Potassium calcium-dependant BK channel: a potential membrane target of estrogens in human osteoblasts

Estrogens have been recognized for many years for their positive effects on bone. However, their mechanisms of action are still only partially resolved. Although it is generally accepted that estrogens act at genomic level by binding to intracellular estrogen receptor, they trigger nongenomic effects mediated by plasma membrane receptor. One of these is to increase activity of the BK channel in many cells types (smooth muscle and vascular endothelium), but this has never been reported in bone. BK channels are composed of alpha (encoded by Slo gene) and beta subunits. The alpha subunit forms the K+/-selective pore, while beta subunits influence the pharmacology, kinetics, and voltage/calcium sensitivity of the BK channel. β1 and β4 subunits have been reported to mediate estrogen effects on the BK channel. In this study, we have shown that primary human osteoblasts, and 3 cell lines of human osteosarcoma (MG63, SaOs2, CAL72) express the Slo protein (western blot).
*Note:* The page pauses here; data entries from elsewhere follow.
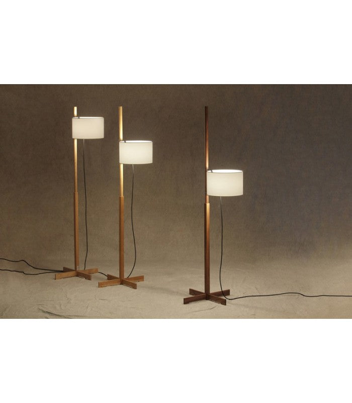 Esta tal vez sea la obra más celebrada de uno de los principales maestros pioneros del diseño industrial en España. Esta lámpara formó parte de la primera colección de TRAMO ("Trabajos Molestos"), la empresa que fundó Miguel Milá para auto-producir su obra en tiempos de posguerra en España, cuando empezaba rudimentariamente con una profesión que luego desarrollaría con maestría, la de diseñador pre-industrial, buscando soluciones adecuadas con la tecnología disponible. Tra-bajos Mo-lestos, los nombres de Milá son como sus objetos: su profundidad radica en su sencillez. Y esta representante de la familia TM, Tra-mo Mó-vil, esta vez en Madera, se presenta como la alternativa informal, o blue jeans, de la misma.
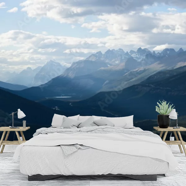 Ta fototapeta przedstawia imponujący, górski krajobraz, idealny do ozdobienia ściany. Na pierwszym planie widoczne są masywne, skaliste góry porośnięte lasami, które stopniowo przechodzą w bardziej odległe, mgliście zarysowane szczyty w tle. Jasne światło i miękkie chmury na niebie nadają obrazowi spokojny, ale jednocześnie majestatyczny charakter. Całość tworzy harmonijną scenę, która może wprowadzić spokój i przestrzeń do wnętrza.
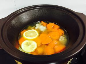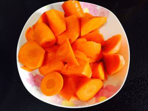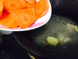 大约一个多小时,排骨骨质炖出些后,倒入胡萝卜。

Using RT-PCR, we observed in all these cells the expression of the 4 beta subunits (β1, β2, β3, β4). In electrophysiology analysis, we observed a calcium-induced potassium current of high conductance. As expected, β1 subunit expression induced Charybdotoxine and Iberiotoxine (classical inhibitors of the BK channel) resistance of the BK channel. We investigated whether 17β estradiol increased the probability of the BK channel opening (NP0). Our data indicate that 17β estradiol (5 nM) increase BK channel activity, shedding a new light on the nongenomic effects of estrogens and opening new ways for therapeutic development.